The studies included six trials with a crossover design and four parallel group trials. In the latter, participants were randomly assigned to one intervention or another and the two groups were treated in parallel. In a crossover trial, all participants receive both interventions, but the order in which each person receives the intervention is randomly assigned.5 Here, each patient acts as his or her own control, reducing within-patient variation. Hence, fewer participants can be enrolled without losing precision. However, crossover trials can be limited by carryover effects, thus leading to the use of washout periods between interventions. Different approaches to including data from crossover and parallel group trials in meta-analyses have been developed.5 The reviewers followed a standard approach, although disagreement continues regarding how best to handle such data in meta-analyses.

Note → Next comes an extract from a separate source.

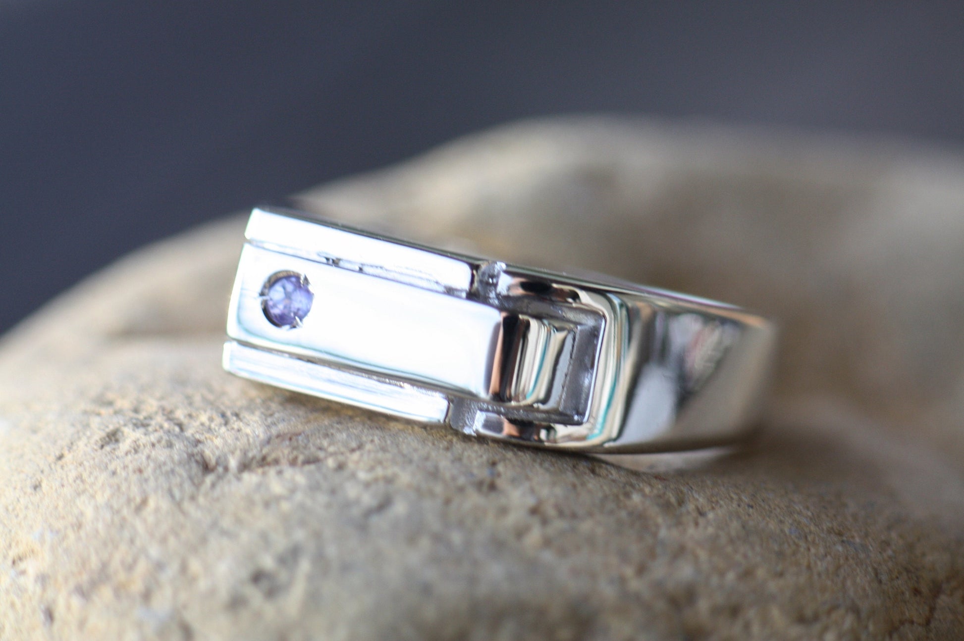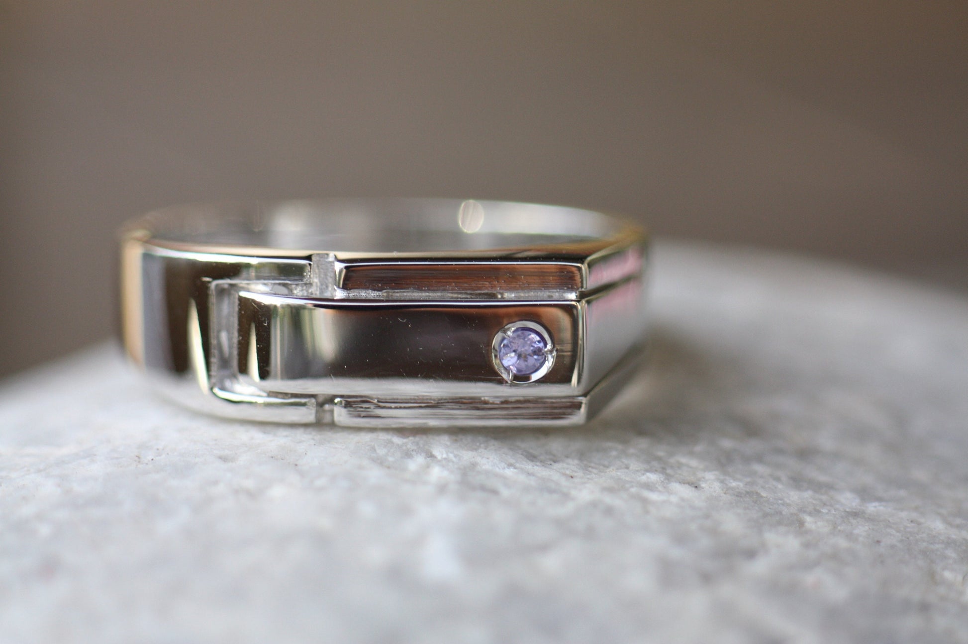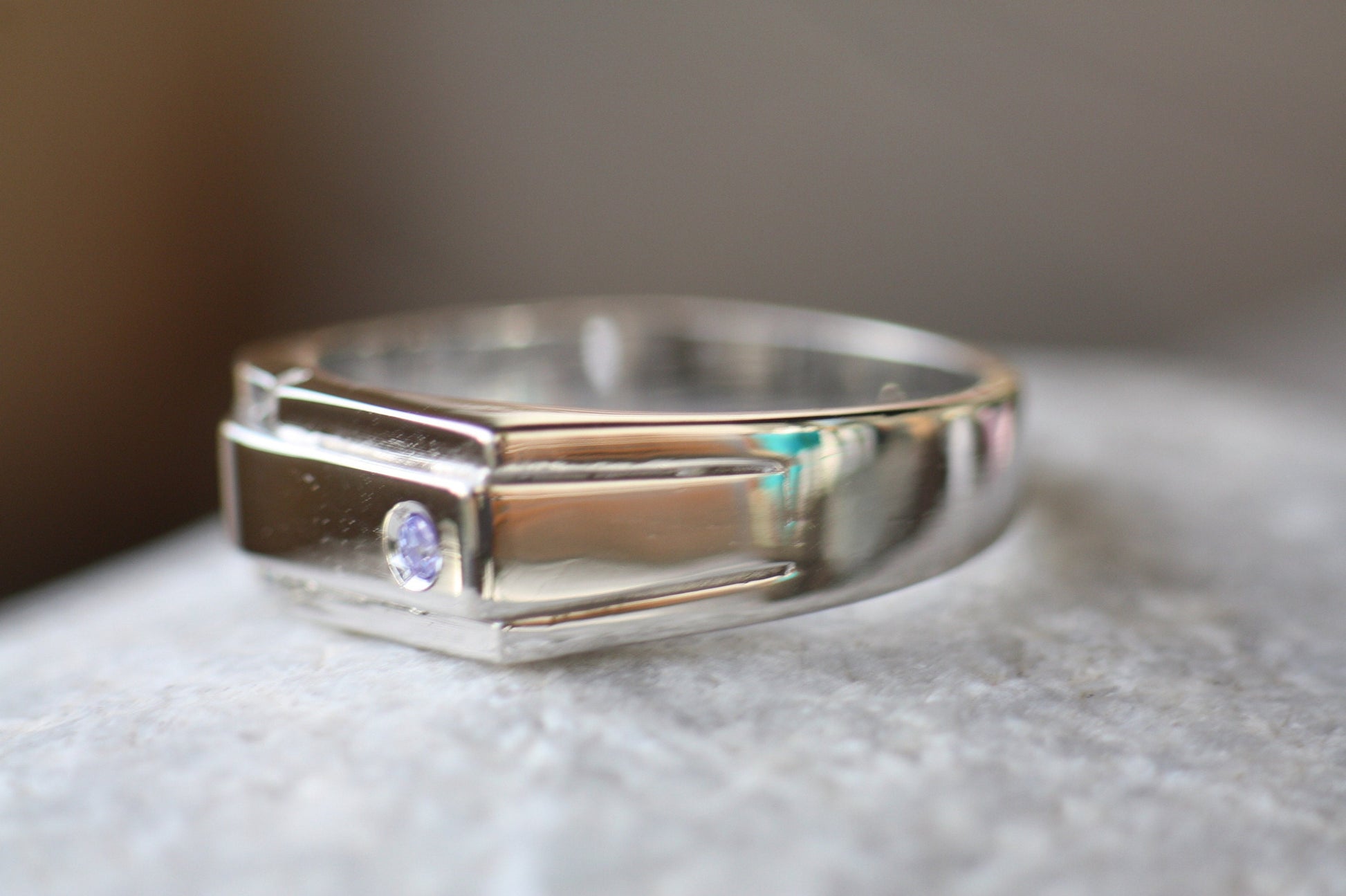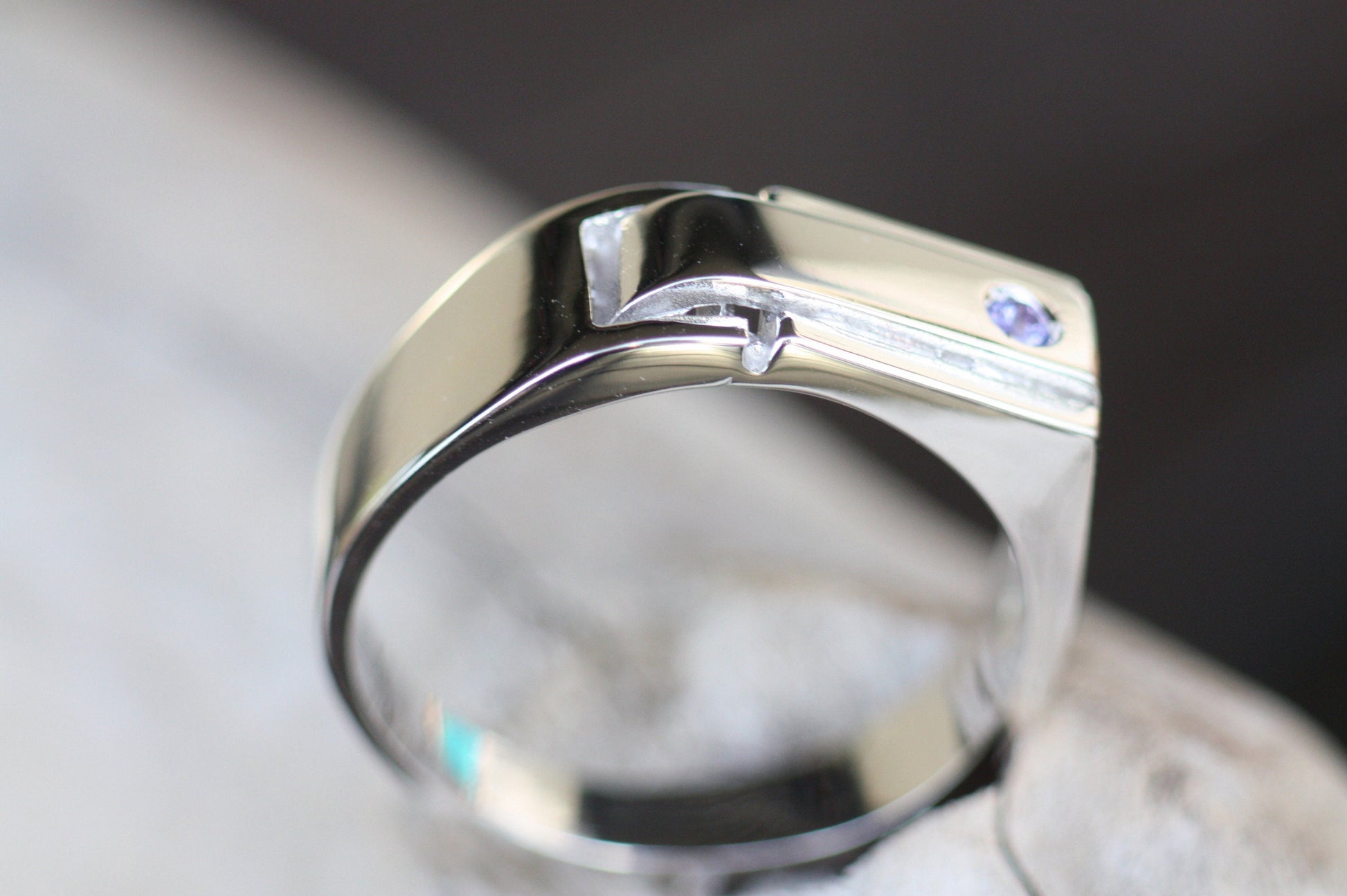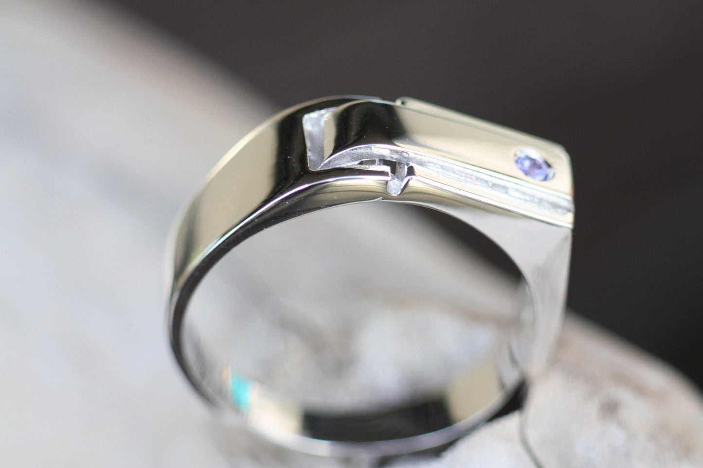 Engraved Signet Tanzanite ring, Birthday stone signet handwriting initial ring, Personalised Family signet ring, Mother's Day gift with her lucky stone

This article provides a succinct and clear report of a well-conducted systematic review and meta-analysis. The results of individual studies of DHEA for adrenal insufficiency have shown much variation, with the review showing that overall there is little evidence of its effectiveness for improving general well-being. Although some benefits were found for quality of life and depression, these were small and of questionable clinical significance. Improvements in anxiety or sexual function were not found. Some women may have beneficial effects from DHEA, possibly even from its side effects. However, its routine use in adrenal insufficiency is not supported by the available evidence.
1. Guyatt G, et al. Users' Guide to the Medical Literature: A Manual for Evidence-based Clinical Practice. 2nd ed. New York: McGraw Hill; 2008.
2. Arlt W, Allolio B. Adrenal insufficiency. Lancet 2003;361:1881-1893.
3. Grimley Evans J, et al. Dehydroepiandrosterone (DHEA) supplementation for cognitive function in healthy elderly people. Cochrane Database Syst Rev 2006(4):CD006221.
4. Moher D, et al. Improving the quality of reports of meta-analyses of randomised controlled trials: The QUOROM statement. Lancet 1999;354:1896-1900.
5. Elbourne DR, et al. Meta-analyses involving cross- over trials: Methodological issues. Int J Epidemiol 2002;31:140-149.